=== Section Start ===
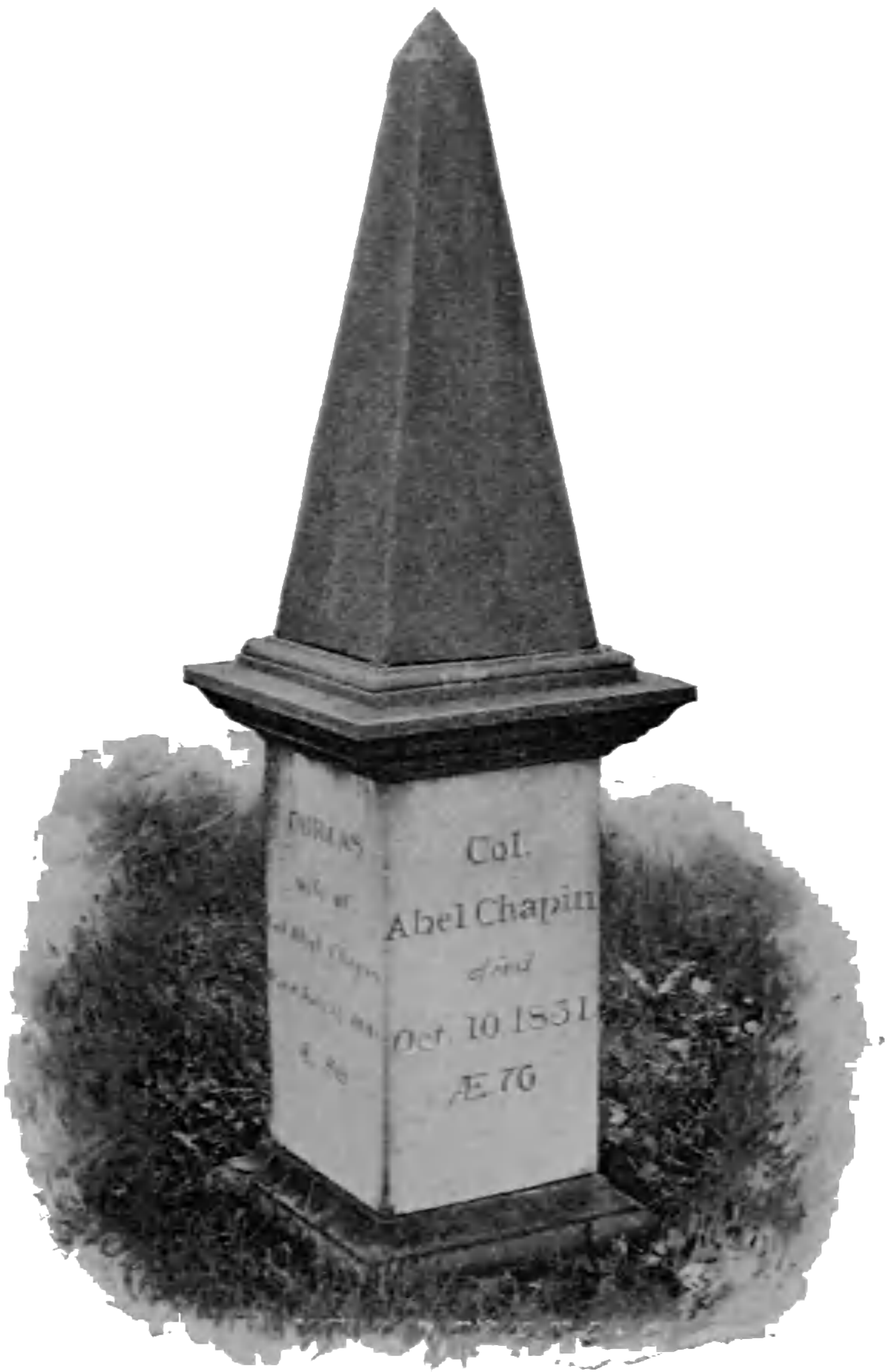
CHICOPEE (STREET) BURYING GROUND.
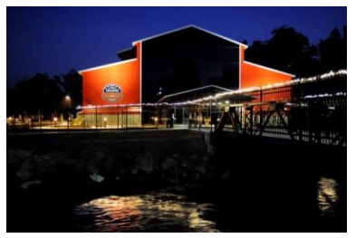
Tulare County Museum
=== Section End ===
=== Section Start ===
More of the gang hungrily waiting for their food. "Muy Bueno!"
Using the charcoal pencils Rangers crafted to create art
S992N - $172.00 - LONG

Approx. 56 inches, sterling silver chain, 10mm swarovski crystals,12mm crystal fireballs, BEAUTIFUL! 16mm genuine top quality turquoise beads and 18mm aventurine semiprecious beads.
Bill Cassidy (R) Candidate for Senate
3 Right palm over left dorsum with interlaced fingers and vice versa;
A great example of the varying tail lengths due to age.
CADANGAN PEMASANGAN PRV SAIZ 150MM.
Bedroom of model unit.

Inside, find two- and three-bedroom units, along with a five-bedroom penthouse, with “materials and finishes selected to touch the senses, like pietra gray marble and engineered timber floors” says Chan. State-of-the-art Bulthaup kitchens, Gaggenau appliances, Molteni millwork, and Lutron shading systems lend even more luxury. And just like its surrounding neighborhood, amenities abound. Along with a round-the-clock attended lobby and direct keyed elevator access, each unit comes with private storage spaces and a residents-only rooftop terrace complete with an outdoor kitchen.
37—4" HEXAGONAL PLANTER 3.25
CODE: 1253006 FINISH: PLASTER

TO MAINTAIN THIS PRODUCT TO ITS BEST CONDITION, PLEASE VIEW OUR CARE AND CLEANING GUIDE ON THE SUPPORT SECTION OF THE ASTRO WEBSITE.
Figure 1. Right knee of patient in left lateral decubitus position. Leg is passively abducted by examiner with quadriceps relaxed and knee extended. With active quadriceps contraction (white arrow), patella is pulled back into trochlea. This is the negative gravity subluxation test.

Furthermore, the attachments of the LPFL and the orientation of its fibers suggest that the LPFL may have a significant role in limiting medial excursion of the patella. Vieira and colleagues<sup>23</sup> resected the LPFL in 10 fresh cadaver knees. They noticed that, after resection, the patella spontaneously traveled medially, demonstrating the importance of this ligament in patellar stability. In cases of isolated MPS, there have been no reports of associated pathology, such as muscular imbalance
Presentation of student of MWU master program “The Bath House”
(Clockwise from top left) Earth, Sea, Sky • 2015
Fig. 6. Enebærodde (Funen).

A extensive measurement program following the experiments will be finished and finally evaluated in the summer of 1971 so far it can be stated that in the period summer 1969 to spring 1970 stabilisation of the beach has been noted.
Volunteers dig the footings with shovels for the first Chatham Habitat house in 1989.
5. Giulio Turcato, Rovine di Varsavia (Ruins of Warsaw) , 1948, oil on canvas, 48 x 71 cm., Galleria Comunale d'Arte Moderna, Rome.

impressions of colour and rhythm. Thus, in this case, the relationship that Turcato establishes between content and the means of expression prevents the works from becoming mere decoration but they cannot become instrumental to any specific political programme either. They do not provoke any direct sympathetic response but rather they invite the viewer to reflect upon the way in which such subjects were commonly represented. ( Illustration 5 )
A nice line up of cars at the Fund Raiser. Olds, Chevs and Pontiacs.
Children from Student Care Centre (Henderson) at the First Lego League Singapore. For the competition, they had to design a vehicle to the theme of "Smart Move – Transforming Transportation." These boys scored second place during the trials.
=== Section End ===
> **AIM OF THE TASK**: Reproduce exactly the lines of the records above from the one with "5. Giulio Turcato, Rovine" to the one with "Children from Student", both included, and leave out everything else.

> **RESPONSE AREA**:
5. Giulio Turcato, Rovine di Varsavia (Ruins of Warsaw) , 1948, oil on canvas, 48 x 71 cm., Galleria Comunale d'Arte Moderna, Rome.

impressions of colour and rhythm. Thus, in this case, the relationship that Turcato establishes between content and the means of expression prevents the works from becoming mere decoration but they cannot become instrumental to any specific political programme either. They do not provoke any direct sympathetic response but rather they invite the viewer to reflect upon the way in which such subjects were commonly represented. ( Illustration 5 )
A nice line up of cars at the Fund Raiser. Olds, Chevs and Pontiacs.
Children from Student Care Centre (Henderson) at the First Lego League Singapore. For the competition, they had to design a vehicle to the theme of "Smart Move – Transforming Transportation." These boys scored second place during the trials.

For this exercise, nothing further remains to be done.